I prodotti derivati si chiamano in questo modo perché il loro valore deriva dall'andamento del valore di una attività ovvero dal verificarsi nel futuro di un evento osservabile oggettivamente.
L'attività, ovvero l'evento, che possono essere di qualsiasi natura o genere, costituiscono il "sottostante" del prodotto derivato.
I derivati sono nati soprattutto per ridurre il rischio finanziario degli investimenti effettuati .
Esempio: Nel 2015 una famiglia stipula un mutuo a tasso variabile della durata di 20 anni e, per paura che dovrà pagare una rata più alta in futuro, stipula anche un derivato (cosiddetta “opzione”) che “copre” la famiglia da aumenti futuri dei tassi oltre, per esempio, il 5%.
Nel caso che i tassi, durante la durata del mutuo, vadano ad esempio al 7%, la famiglia dovra’ comunque pagare non più del 5%.
Nel tempo, con le liberalizzazioni normative avvenute negli anni ’90 del secolo scorso, i derivati sono stati utilizzati in modo crescente per motivi speculativi, cioè si assumono esposizioni al rischio al fine esclusivo di conseguire un profitto.
Esempio: un investitore acquista un’opzione di acquisto di un bene (ad esempio frumento, grano o anche gas) ad un determinato prezzo a scadenza senza sborsare un euro.

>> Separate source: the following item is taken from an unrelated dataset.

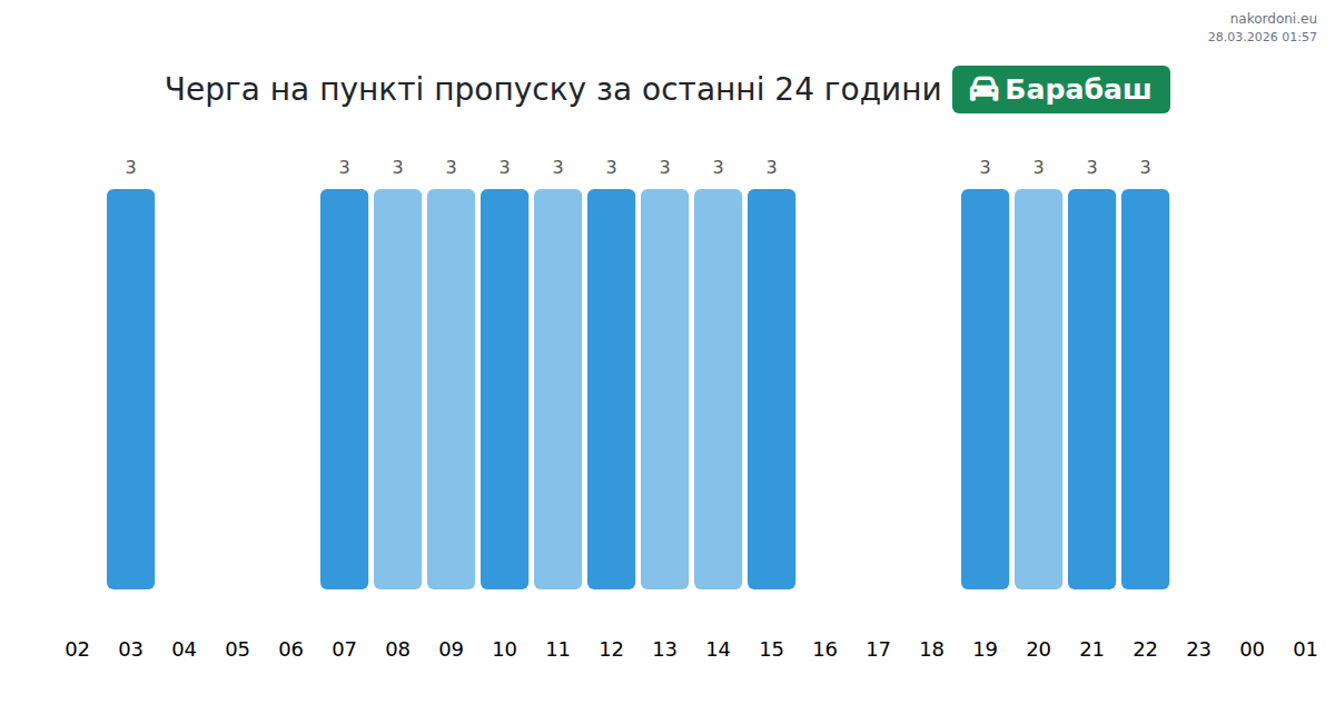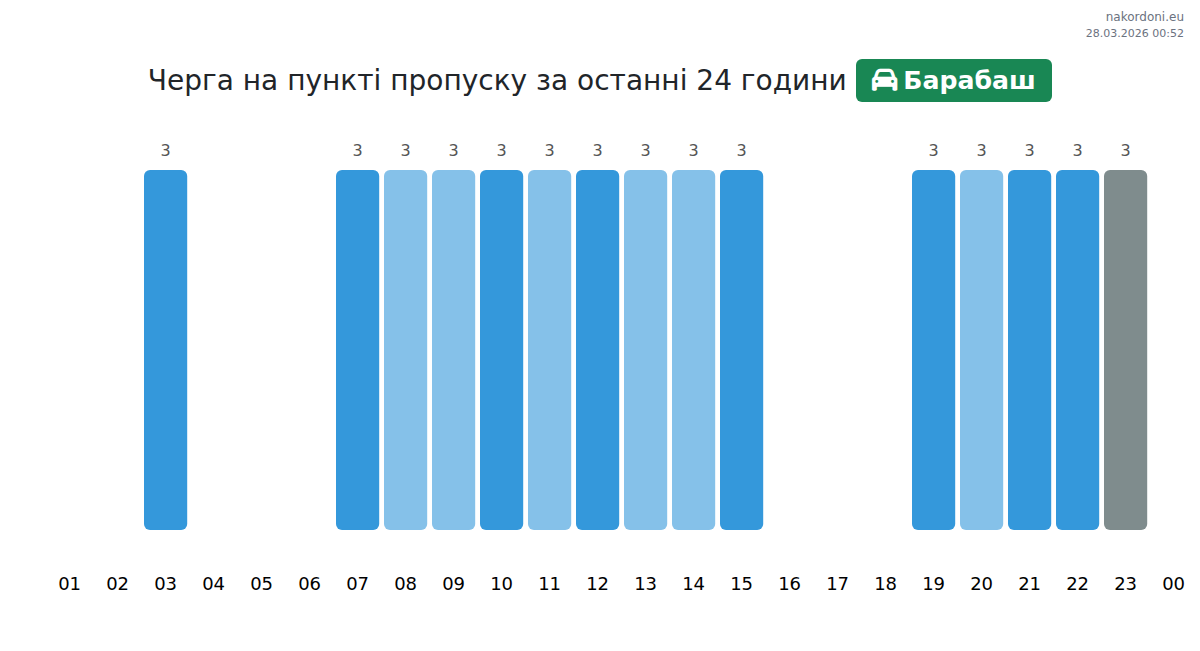 At Barabash until end of tomorrow, expected queue is 15–285 minutes for passenger cars. Peak hours: 13:00, 16:00, 12:00. Shortest queues expected at 20:00, 21:00, 22:00. Tonight and tomorrow morning traffic will be moderate.

Se prima di quella scadenza il prezzo del bene è salito oltre quanto pattuito l’investitore potrà rivendere quell’opzione lucrando sulla differenza (e senza aver mai versato nulla)
Ciò è avvenuto ad esempio nel principale mercato di riferimento del gas naturale di Amsterdam (TTF).
Approfittando delle tensioni internazionali (vedi guerra Ucraina), l’ondata di speculazioni, avvenuta con utilizzo di grandi somme di denaro da pochi grandi player finanziari, ha contribuito a spingere in alto il prezzo del gas e a far salire le bollette dei cittadini.
Tutto questo è moralmente accettabile?
È normale che chi non produce il bene possa speculare sul mercato per far salire il prezzo di quel bene così da guadagnare somme astronomiche a tutto svantaggio dei cittadini?